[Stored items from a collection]
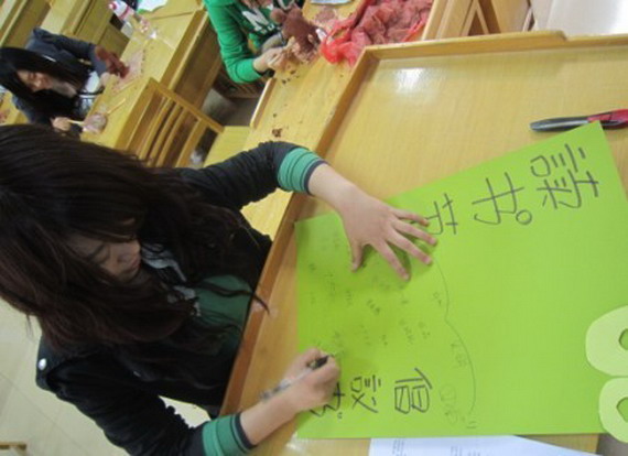 08环艺1班同学制作了宣传世界读书日的手工倡议书。他们在自己亲近书籍之余,还积极倡导身边的人一起投身于这个行列之中,相约“4·23”! 倡议活动在艺术楼大厅举行,经过此处的老师、同学们都纷纷前来签名支持活动,不多时签名板上已布满了许多洋洋洒洒的签名。
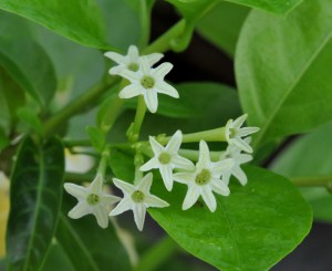 Night Blooming Jasmine, Cestrum noctumum, will broadcast its sweet scent from tiny pale green star shape flowers as soon as the sun goes down.  Its fragrance will linger until early in the morning before it fades away in order to start over again in the evening.
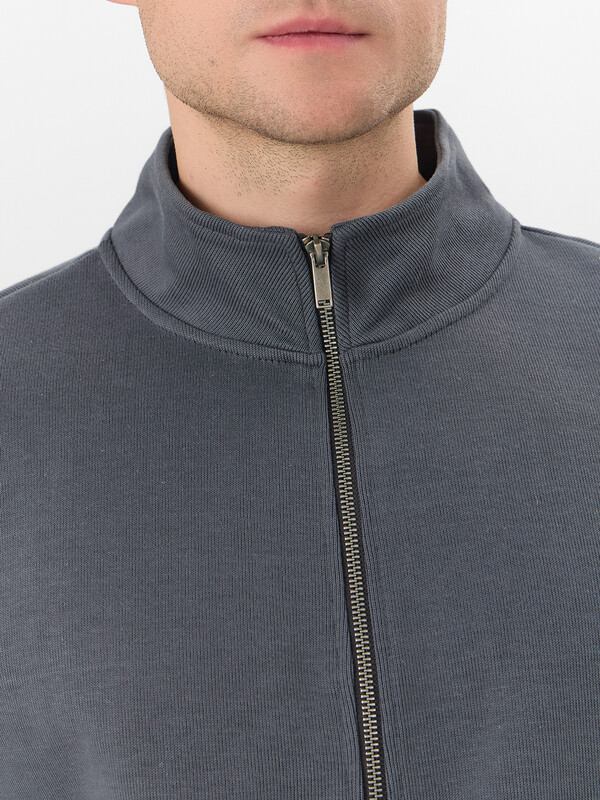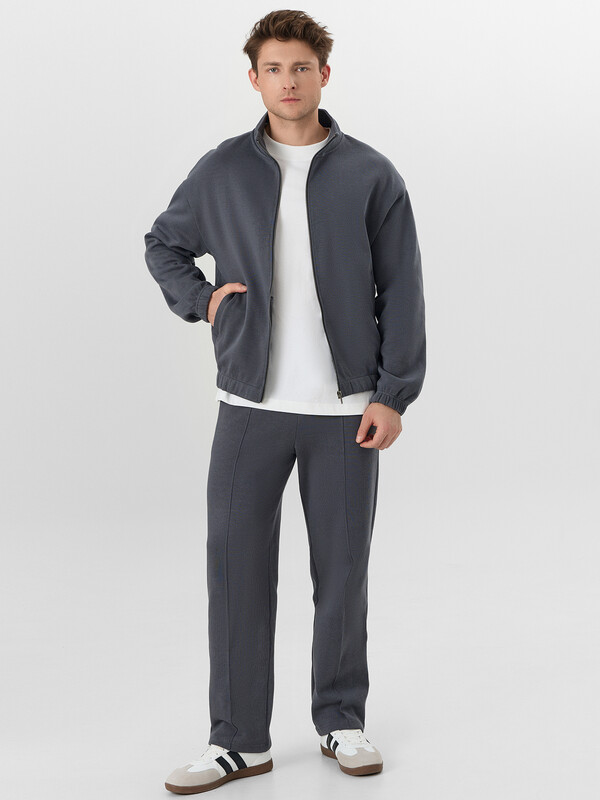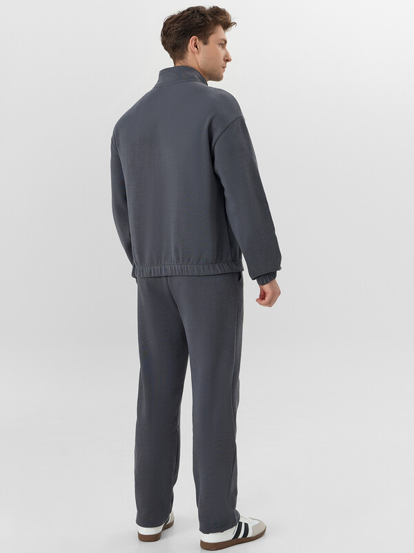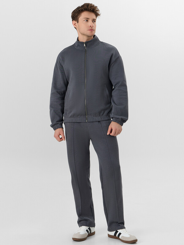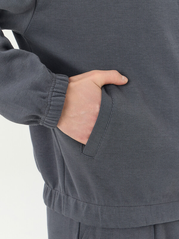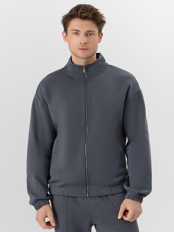 Толстовка прямого силуэта, с центральной застежкой на металлическую тесьму-молнию. Перед с прорезными карманами с листочкой. Плечо слегка спущено.
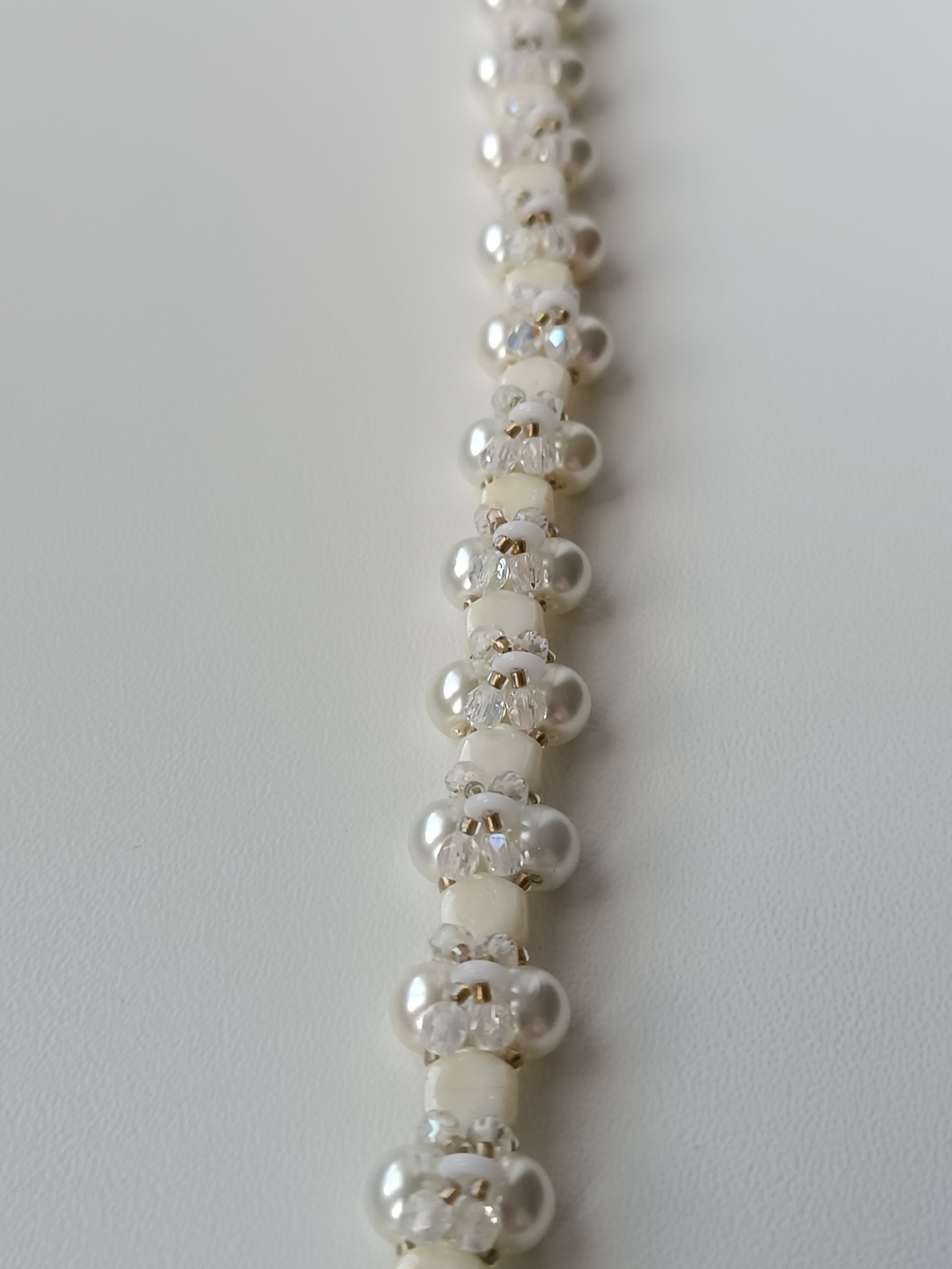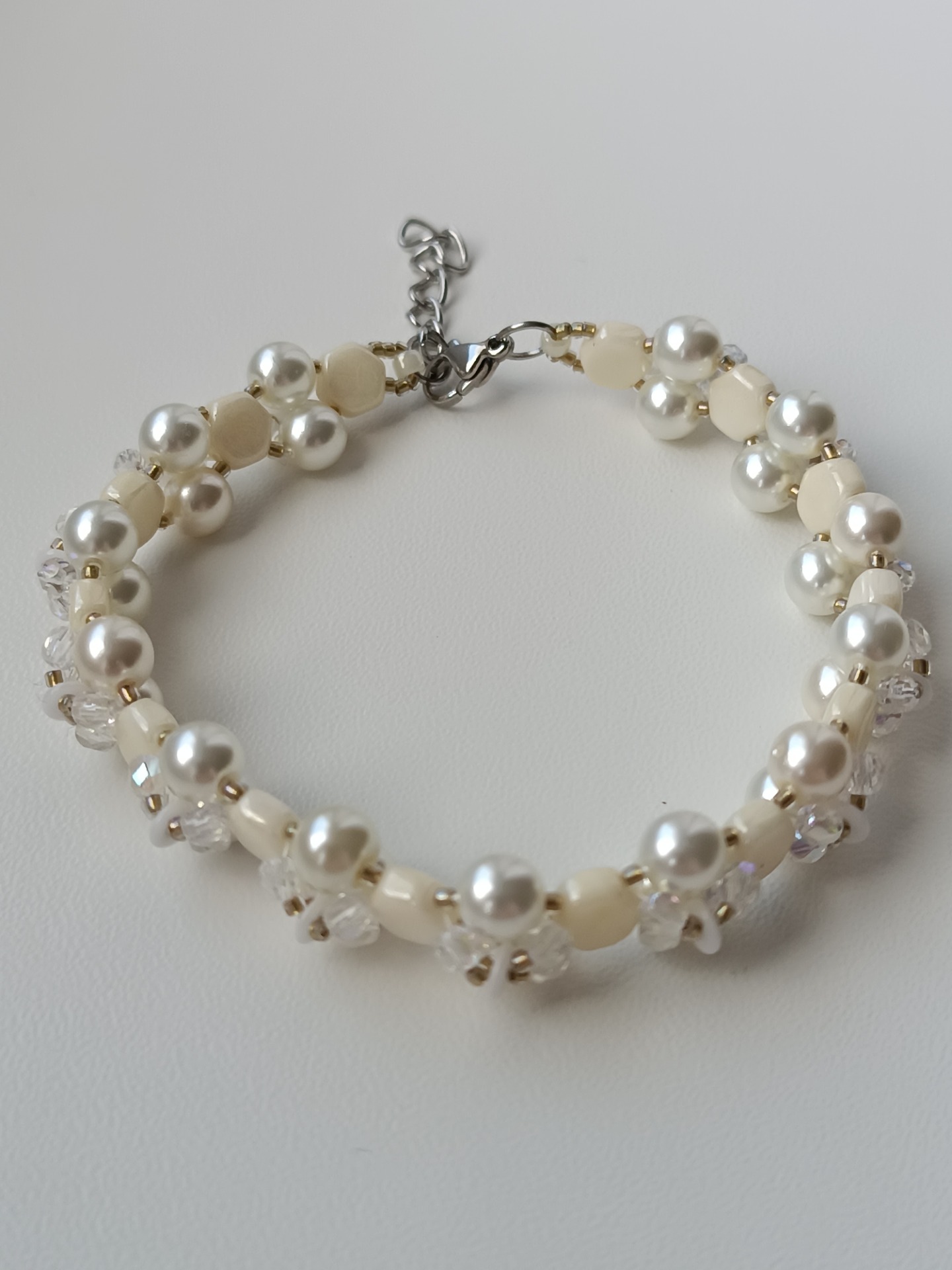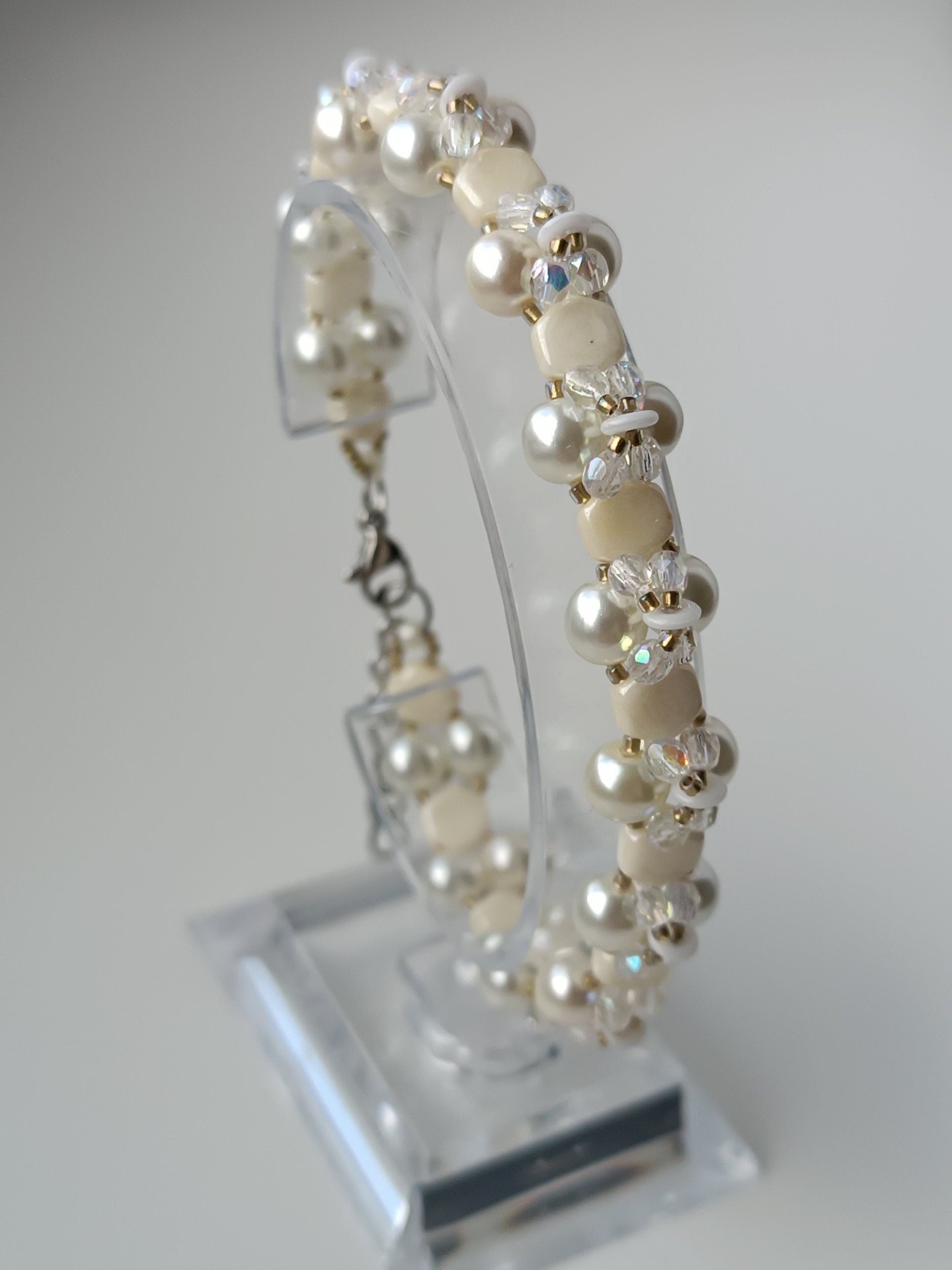Jemný a decentní dámský náramek ve světlých odstínech. Díky broušeným korálkům dodá třpyt a eleganci šperku.
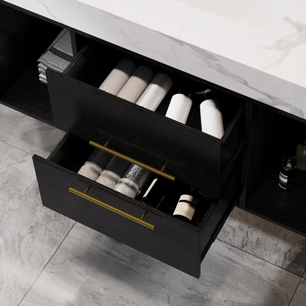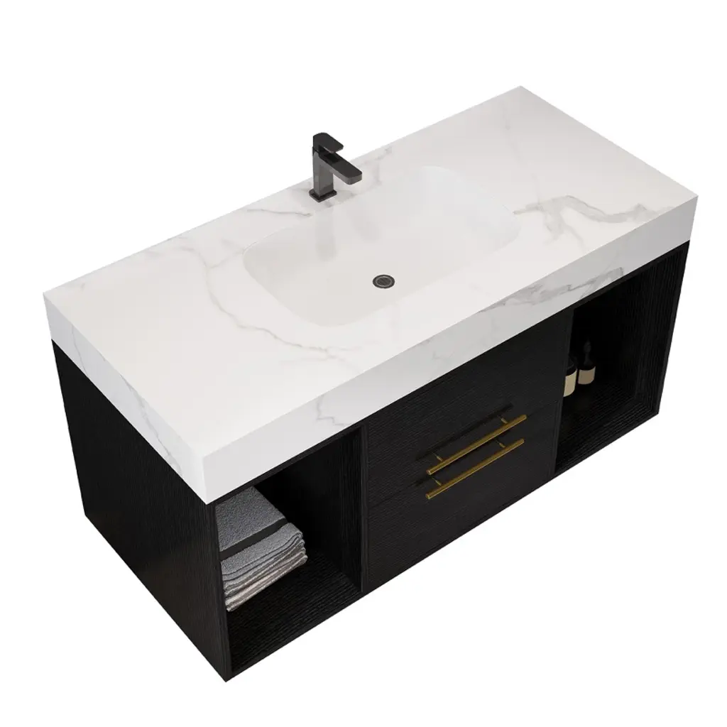 This bathroom vanity features a sintered stone countertop and multi-layered solid wood for durability. The modern floating basin design frees up floor space, allowing you to easily clean corners and store cleaning supplies. It also offers two drawers and two open storage spaces, easily solving your storage challenges. The smooth storage path allows you to store or access whatever you need in seconds.

→ **Assignment**
The records above are to be set down exactly as written, with no images.

→ **Your solution**
 08环艺1班同学制作了宣传世界读书日的手工倡议书。他们在自己亲近书籍之余,还积极倡导身边的人一起投身于这个行列之中,相约“4·23”! 倡议活动在艺术楼大厅举行,经过此处的老师、同学们都纷纷前来签名支持活动,不多时签名板上已布满了许多洋洋洒洒的签名。
 Night Blooming Jasmine, Cestrum noctumum, will broadcast its sweet scent from tiny pale green star shape flowers as soon as the sun goes down.  Its fragrance will linger until early in the morning before it fades away in order to start over again in the evening.
 Толстовка прямого силуэта, с центральной застежкой на металлическую тесьму-молнию. Перед с прорезными карманами с листочкой. Плечо слегка спущено.
Jemný a decentní dámský náramek ve světlých odstínech. Díky broušeným korálkům dodá třpyt a eleganci šperku.
 This bathroom vanity features a sintered stone countertop and multi-layered solid wood for durability. The modern floating basin design frees up floor space, allowing you to easily clean corners and store cleaning supplies. It also offers two drawers and two open storage spaces, easily solving your storage challenges. The smooth storage path allows you to store or access whatever you need in seconds.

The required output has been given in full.